The possible proof that she might already have some feelings toward him was in the fact she had actually let him kiss her. It had been a week ago, in her car. They had gone out to a movie together. She had driven and had taken him back to his truck. There was no sense in taking two vehicles and since she drove a Prius, and he a gas guzzling behemoth of a truck, she volunteered. People like you are killing this planet!” she had told him and he'd replied that it was because of his work.
She was waiting for him to get out when he had called her name; “Ashleigh…” She thought later that it was perhaps an interesting parallel between Patrick and the other man; they had each, after all, approached her in the same monosyllabic way; except that Patrick’s intonation was quite different and he didn't attempt to kiss her when she turned; instead he’d said, “Both hands on the wheel, staring straight ahead, are we Ashleigh? Are you ever going to let me kiss you goodnight?” while she had stupidly replied, instantly regretting it, “I was just looking to see how much gas I had! This may be a hybrid but it does take gas occasionally!”
Instead of laughing, he leaned in close to glance at the gauge. “...You're right…,” and had at that moment taken the opportunity to kiss her on the cheek. He pecked her again, this time brushing past her lips when she instinctively jumped and turned towards him. What surprised her most was that she hadn't pushed him away, as perhaps she should have. “That wasn't so bad, was it?” he'd asked but by that time she’d recovered. “Goodnight, Patrick!” she’d said leaning as far back as she
could within the confining limits of her small car.
He had hesitated, watching her. She hated that. She hated it when he looked at her like that. Even though she was staring straight ahead, hands still on the wheel, and repeating for the third or even fourth time, “Goodnight!” she could tell he was studying her.

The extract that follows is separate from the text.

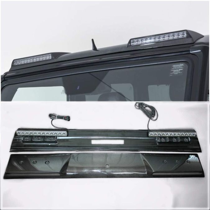 Carbon spoiler with LED for Mercedes G-Class W461 W463 G55 G65 G63, aerodynamics, installation, energy-saving LEDs, fast delivery, original.
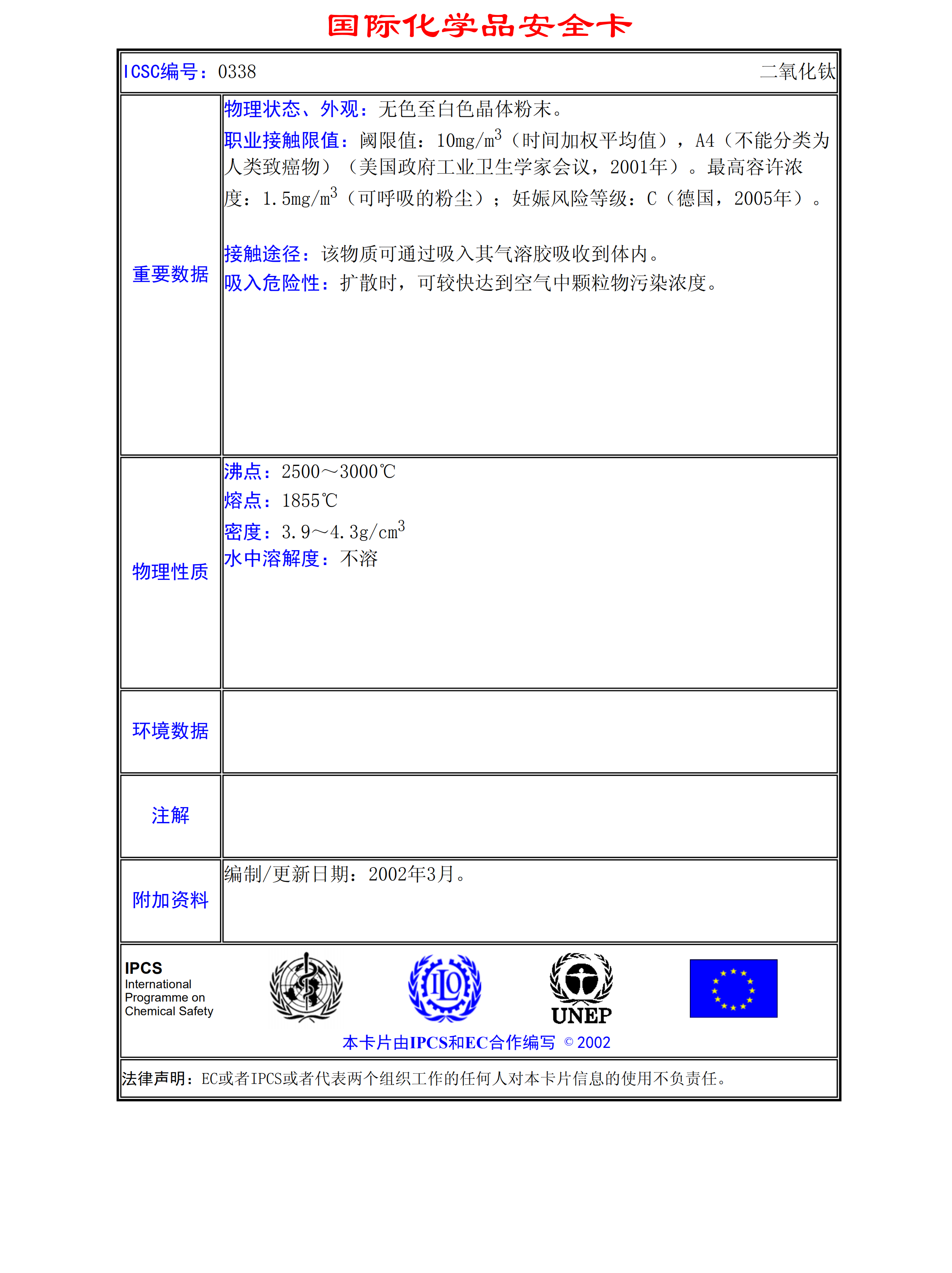 二氧化鈦MSDS

He had touched her arm gently, just a grazing touch that lingered briefly. He often did that, and it bothered her, and at that time it had added to her sense of annoyance. She didn't like people, men particularly, touching her; not without permission. But he did it anyway, even though he knew it bothered her. It was not a mystery that he understood her aversion; she had repeatedly told him so. Even so, his touch was light as air. It was a touch reserved to awaken another from a light sleep– the light touch and the eyes fly open. She couldn't decide why, exactly, Patrick touched her arm like that, or sometimes placed his hand on the small of her back in way of greeting or saying goodbye. After that and after a smile that reached up into his eyes – he had nice eyes; alive and exceptionally clear - he had climbed out of her car and carefully latched the door shut behind him. She waited as he crossed the headlight beam from her car and unlocked the door to his truck. Only then did she drive off. He would have done the same for her. It was the least she could have done for him.
But would he try kissing her again tonight? She decided he would, probably. Once on entering: she'd greet him at the door, offering him her cheek as he handed over the Chinese food – and then again on leaving. Standing at the door about ready to leave, he'd hesitate, and, turning back to her, she'd again let him kiss her on the cheek; and then, again, maybe, on her lips - but just once. Her heart involuntarily twisted at the thought. God, what would he do? She wanted him to kiss her, she realized, blushing as she thought this so that the heat rushed up into her face and down her neck; but would he try for more? She wasn't ready for that; someday, perhaps, but not tonight.